▶ _WHAT YOU SHOULD DO_:
Transcribe exactly the lines below that begin at the line with "- All-in-One Educational" and stop after the line with "新たにネットワーク接続を追加するので、ウィンドウ左下の+ボタンを押す。", leaving out every picture.

▶ _DATA SECTION_:

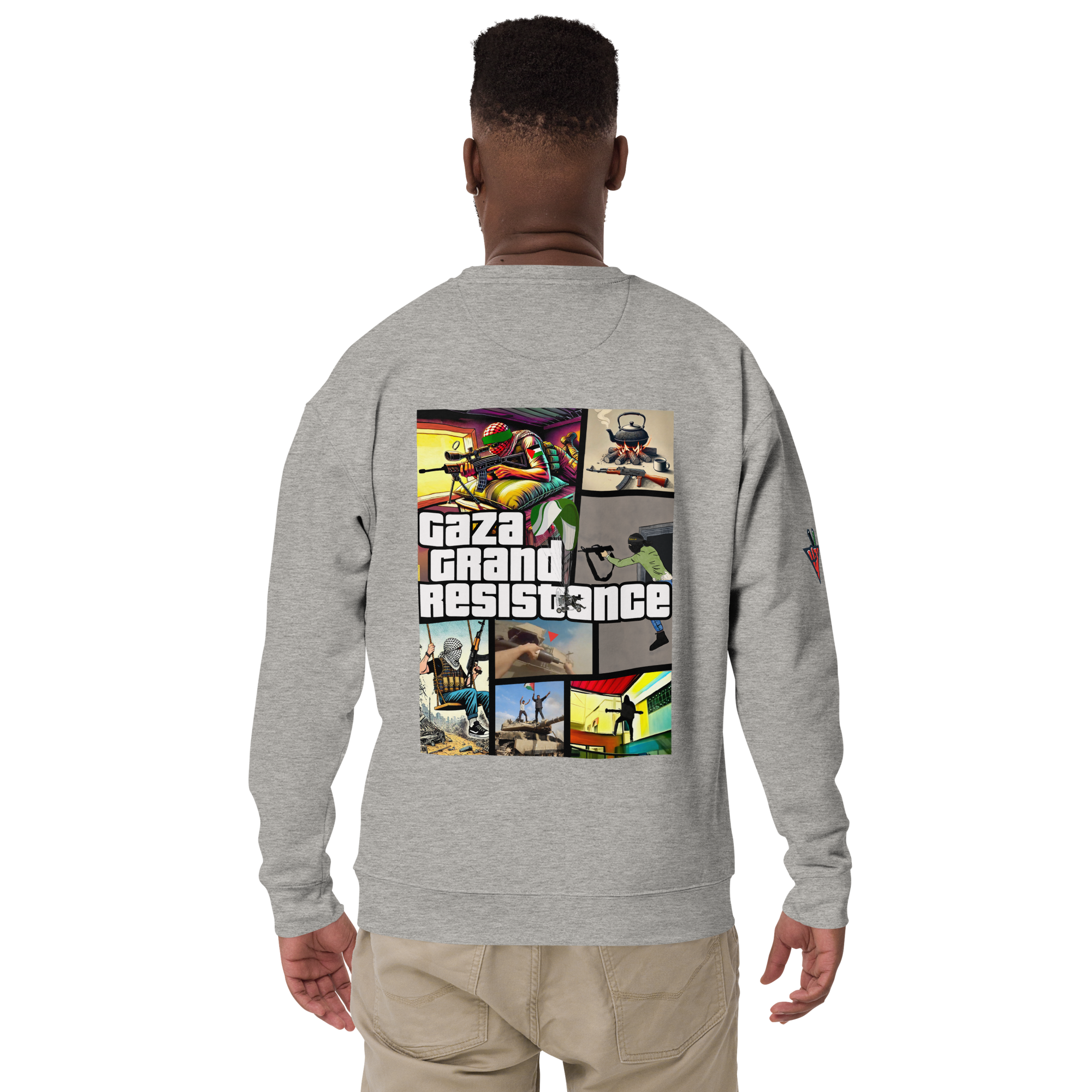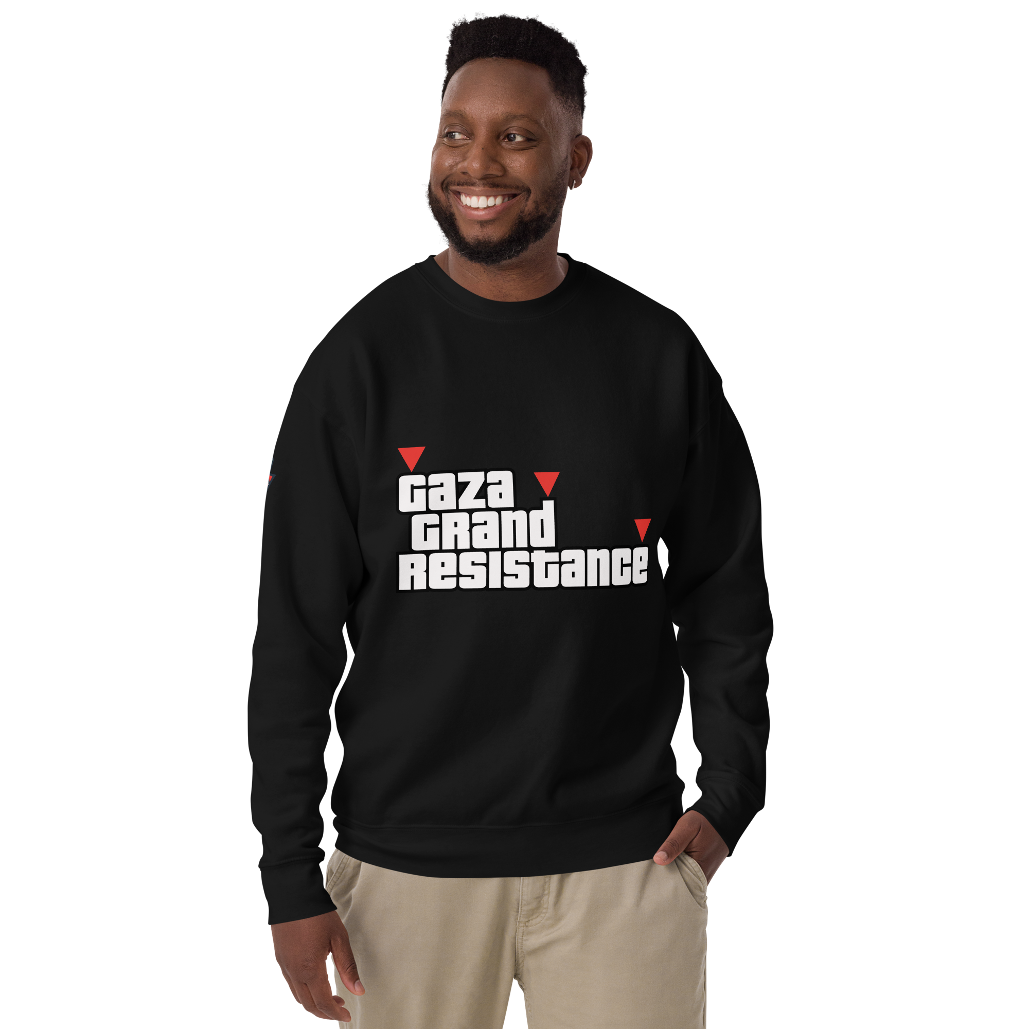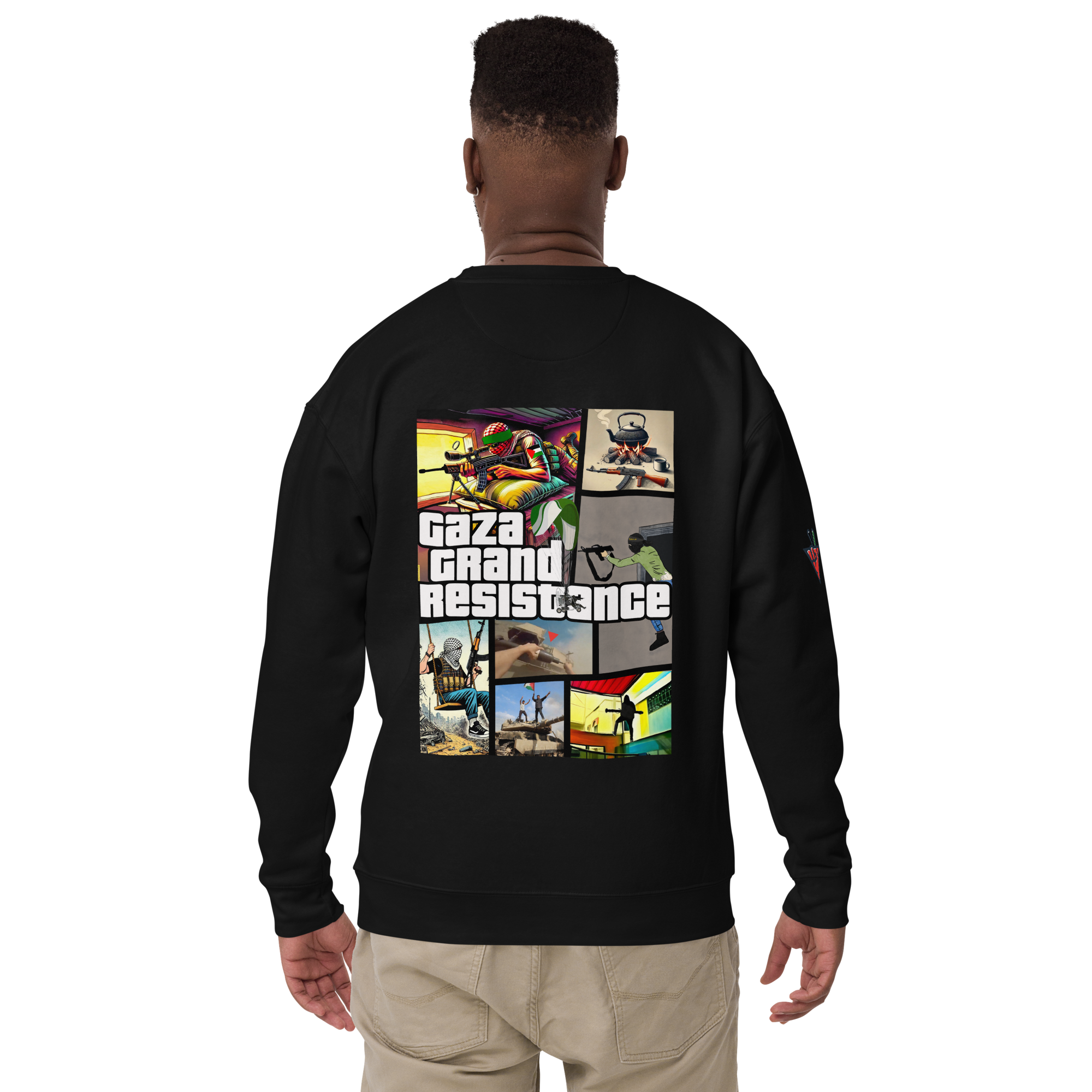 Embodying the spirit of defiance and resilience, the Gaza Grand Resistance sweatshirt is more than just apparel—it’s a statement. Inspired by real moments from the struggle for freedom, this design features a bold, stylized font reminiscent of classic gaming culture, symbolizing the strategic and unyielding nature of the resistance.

==

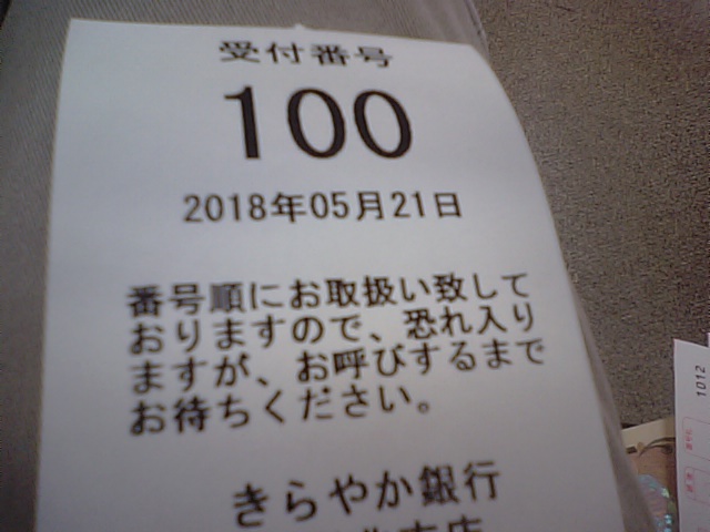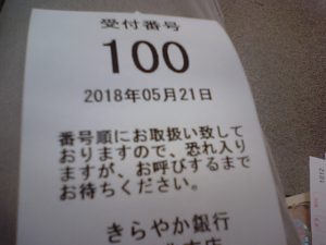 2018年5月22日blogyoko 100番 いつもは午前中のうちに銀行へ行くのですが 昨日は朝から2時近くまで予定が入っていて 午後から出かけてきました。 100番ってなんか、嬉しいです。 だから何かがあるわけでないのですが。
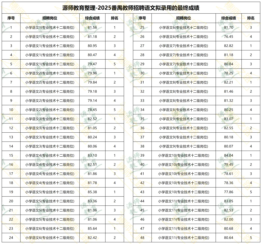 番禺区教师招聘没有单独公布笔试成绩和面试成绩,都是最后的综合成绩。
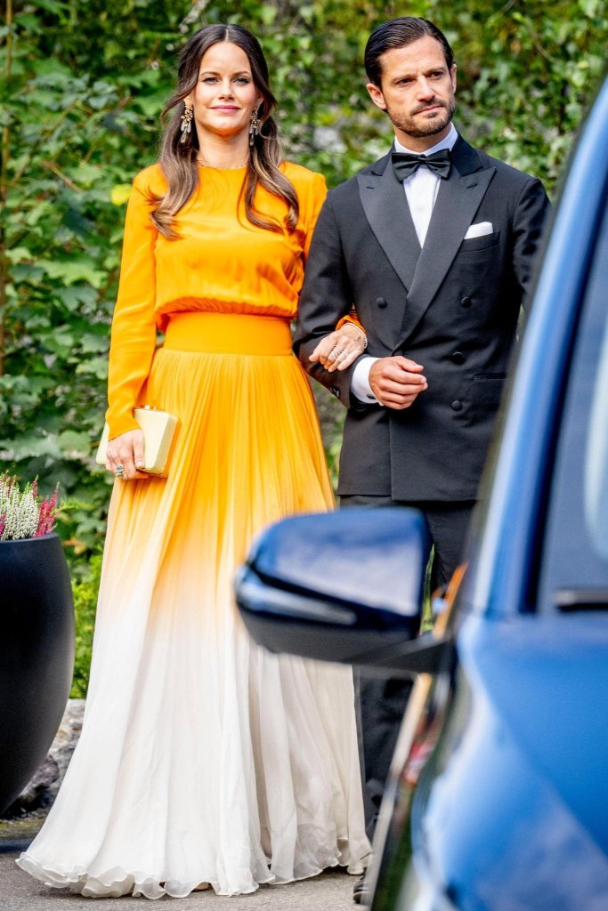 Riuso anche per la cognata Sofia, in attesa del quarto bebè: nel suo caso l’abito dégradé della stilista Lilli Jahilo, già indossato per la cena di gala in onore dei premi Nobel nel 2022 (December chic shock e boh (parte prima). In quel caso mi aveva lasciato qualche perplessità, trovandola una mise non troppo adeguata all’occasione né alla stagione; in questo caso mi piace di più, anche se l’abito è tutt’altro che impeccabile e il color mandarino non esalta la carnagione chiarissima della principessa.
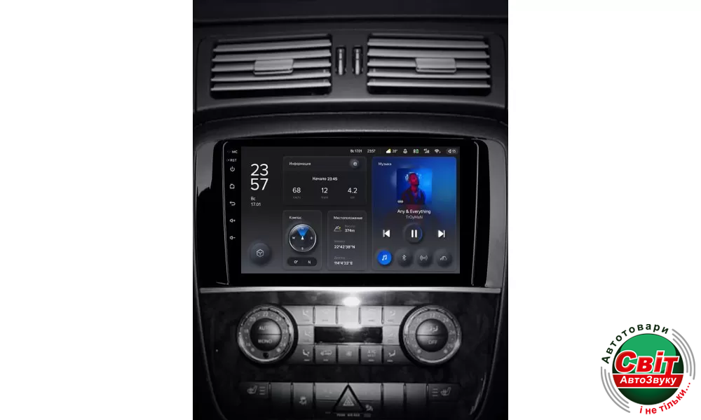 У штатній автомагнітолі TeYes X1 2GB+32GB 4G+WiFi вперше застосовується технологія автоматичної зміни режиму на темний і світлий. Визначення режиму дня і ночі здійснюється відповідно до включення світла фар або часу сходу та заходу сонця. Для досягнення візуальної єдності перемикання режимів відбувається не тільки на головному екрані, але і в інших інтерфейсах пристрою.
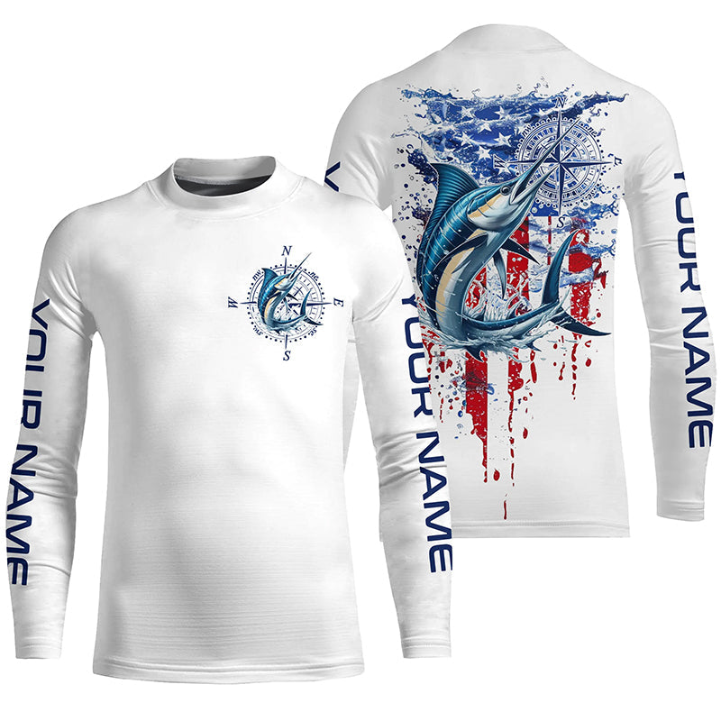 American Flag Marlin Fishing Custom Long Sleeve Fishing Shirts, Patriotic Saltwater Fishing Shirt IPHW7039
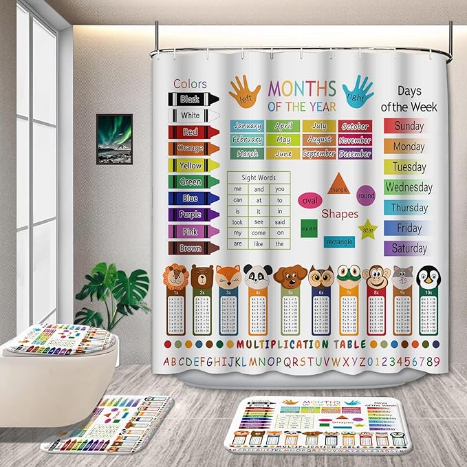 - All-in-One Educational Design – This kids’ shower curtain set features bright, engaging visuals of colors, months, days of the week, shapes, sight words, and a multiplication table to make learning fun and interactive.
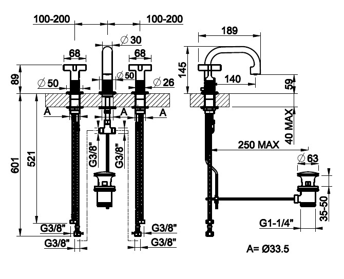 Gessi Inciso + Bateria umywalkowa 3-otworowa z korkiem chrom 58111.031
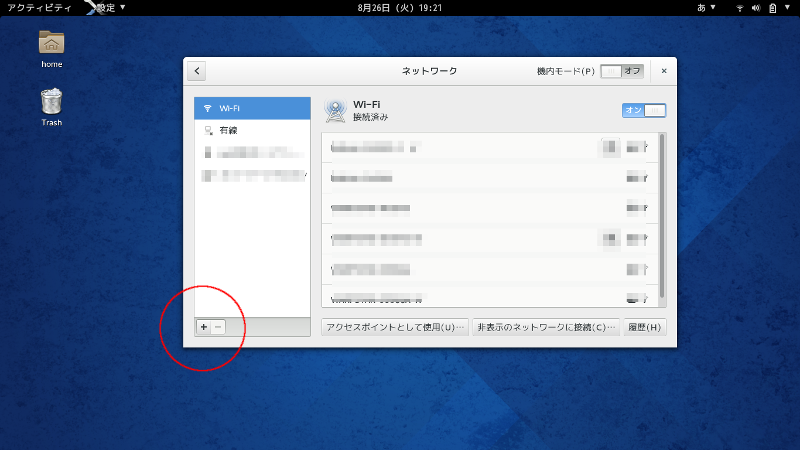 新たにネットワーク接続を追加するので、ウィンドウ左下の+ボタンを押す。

---

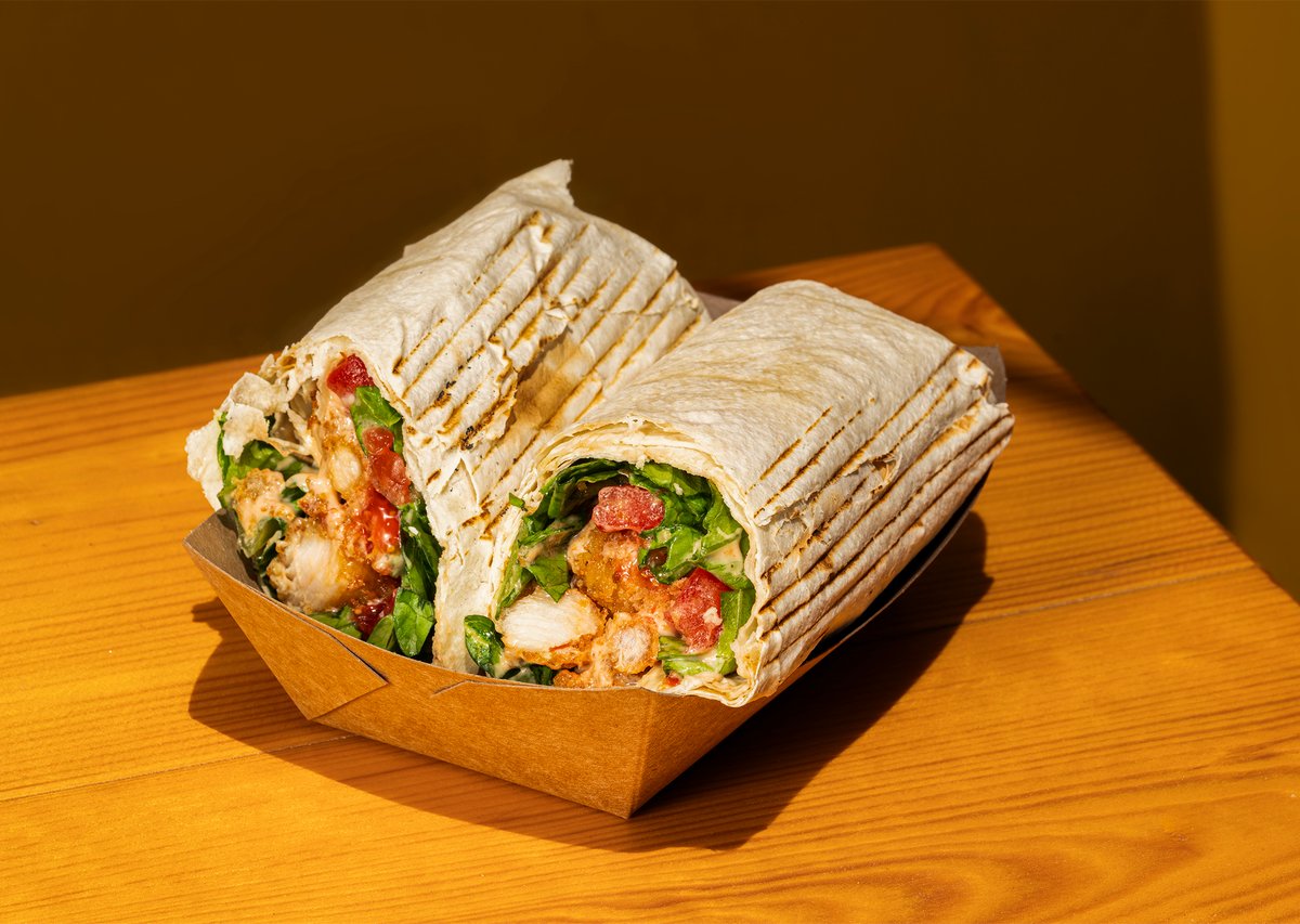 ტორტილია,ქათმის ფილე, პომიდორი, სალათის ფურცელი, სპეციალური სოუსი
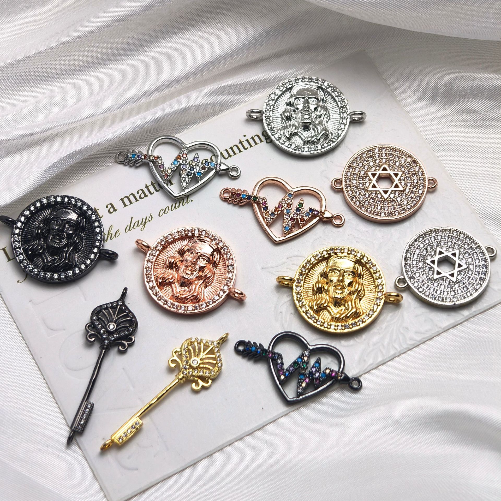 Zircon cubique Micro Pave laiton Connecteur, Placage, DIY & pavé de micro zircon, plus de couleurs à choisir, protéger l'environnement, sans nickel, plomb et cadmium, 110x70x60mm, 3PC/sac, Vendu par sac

▶ _ANSWER BOX_:
 - All-in-One Educational Design – This kids’ shower curtain set features bright, engaging visuals of colors, months, days of the week, shapes, sight words, and a multiplication table to make learning fun and interactive.
 Gessi Inciso + Bateria umywalkowa 3-otworowa z korkiem chrom 58111.031
 新たにネットワーク接続を追加するので、ウィンドウ左下の+ボタンを押す。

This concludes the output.